A room like an assembly hall followed, and the Soviet style of justice was explained here. The benches and walls were upholstered (papered) in reproductions of court-transcripts. From here, it was a long haunting hall about the persecution of churches. The hall was dominated by a huge white cross in the floor. It was set up as though the cross was under the floor, and floorboards had been sawn away to reveal it. Speakers in the back of the chamber played dirge-like chants. There were numerous religious items in displays in the walls, including a haunting (for me) tallis-and-tefillim. The audio guide told the story of Cardinal Mindszenty, who was (of course) tortured but not (surprisingly) executed down in the basement.

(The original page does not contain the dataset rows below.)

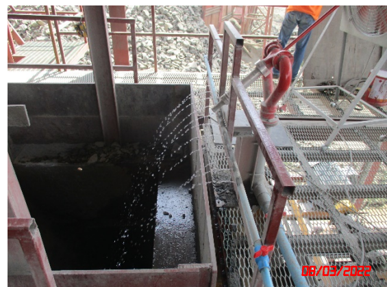
ระบบสเปรย์น้ำบริเวณปากโม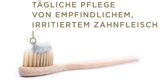
TÄGLICHE PFLEGE VON EMPFINDLICHEM, IRRITIERTEM ZAHNFLEISCH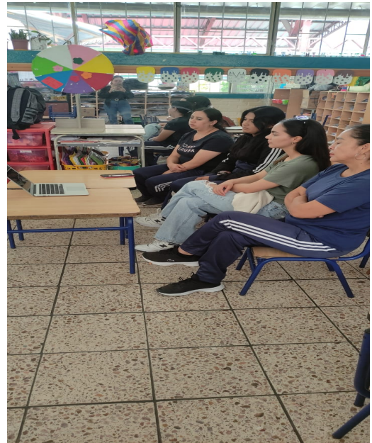
Foto No. 2 Taller Gestión del aprendizaje

He spent fifteen years living in the American Embassy (1956-1971) before the Vatican and the Hungarian government pressured him into leaving the country.
All this is still chronicling, isn’t it? It’s not really getting at what I felt. I was weighed down by the exhibits (Mindszenty was the last area on the top floor). While we waited interminably for the elevator, I thought about the sheer evil of the regime, and how on earth anyone could hope to live like a human after it.

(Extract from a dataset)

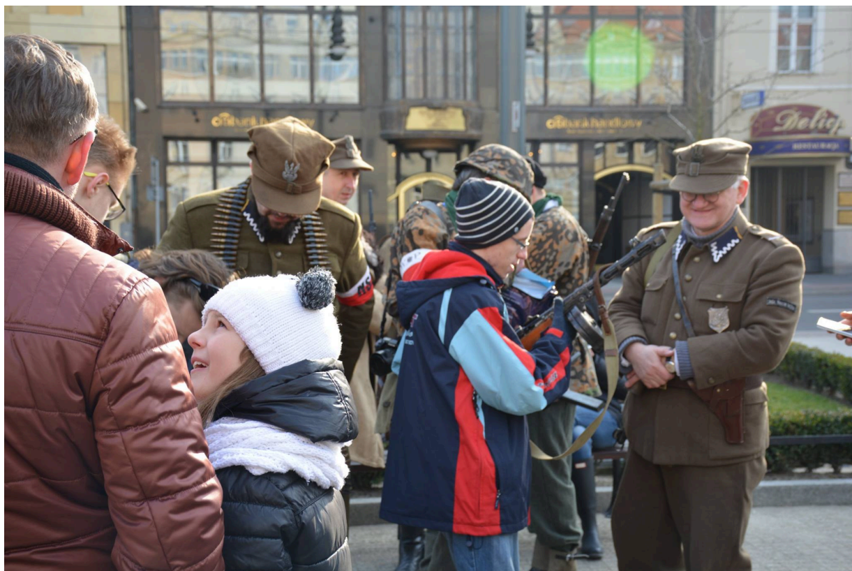
Namioty Wykletych 2016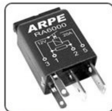
RA6000 - FORD RELÉ AUXILIARES MINI NA BOMBA COMBUSTIVEL - 12V 20A

I’m thinking now of Timothy Garton Ash’s book The File, about what he discovered when he petitioned the former East German government to let him see the file the Stasi kept on him (he was a journalist who lived there for several years). Many East Germans did the same, only to discover that their loved ones had been reporting on them for years. I wondered how you live like that, how you keep the secret, and how you try to trust someone after you’ve learned that secret. When something like this is institutional, does that make it easier? That exhibition on the 10-year anniversary of the Rwandan genocide raises the same questions for me, of course. Or Croatia, where I saw a news item last night about the rebuilding of a bridge that had been blown up during the civil war. How do you live next door to someone who tried to kill you? How do you turn out the light and lie beside someone who was telling the Stasi about your reading habits?
The elevator came. We learned why it had taken so long. It goes down nice and slow so that everyone on board can watch an interview with a man whose job it was to clean out the execution chamber following a hanging. He explained the whole process, and editorialized a little: “Why do something silly like grant a last request? What good would that do?”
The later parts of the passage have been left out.